Trade Union Pro
- Formation: 2011; 15 years ago
- Type: Trade union
- Headquarters: Helsinki
- President: Niko Simola

= Trade Union Pro =

Trade union of Finland

Trade Union Pro (Ammattiliitto Pro) is a collective force of working life and one of the largest trade unions in Finland. Pro's members are educated professionals, experts and managers in a wide array of sectors from finance to ICT and communications, service fields and industries to the public sector. Pro has some 120 000 members and negotiates 150 collective agreements.

Pro's mission is to improve the working conditions, livelihoods and career prospects of our members and those studying these fields. The union also looks after the well-being of its members.
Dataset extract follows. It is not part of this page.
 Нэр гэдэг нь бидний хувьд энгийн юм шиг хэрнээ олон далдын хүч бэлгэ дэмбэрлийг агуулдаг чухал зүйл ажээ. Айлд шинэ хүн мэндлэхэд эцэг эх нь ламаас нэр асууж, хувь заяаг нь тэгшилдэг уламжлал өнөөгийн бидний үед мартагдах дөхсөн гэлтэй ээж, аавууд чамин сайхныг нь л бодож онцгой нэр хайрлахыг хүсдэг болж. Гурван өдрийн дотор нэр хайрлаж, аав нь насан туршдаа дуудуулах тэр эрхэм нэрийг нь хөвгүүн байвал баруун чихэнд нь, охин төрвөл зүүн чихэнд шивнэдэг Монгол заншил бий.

Trade Union Pro believes that a humane working life is a human right. The union foresees international developments and phenomena and develops new solutions for the Finnish working life.

== History ==
The union was founded in 2011, when the Trade Union Direct merged with the Union of Salaried Employees. Like its predecessors, the union is under the Finnish Confederation of Professionals (STTK).

On formation, the union was led by Antti Rinne. He stood down in 2014, and was succeeded by Jorma Malinen. In 2019, the Confederation of State Employees' Unions – Pardia merged into Pro, totaling the member count to about 120,000. In 2021, the Union of Insurance Employees also merged with Pro.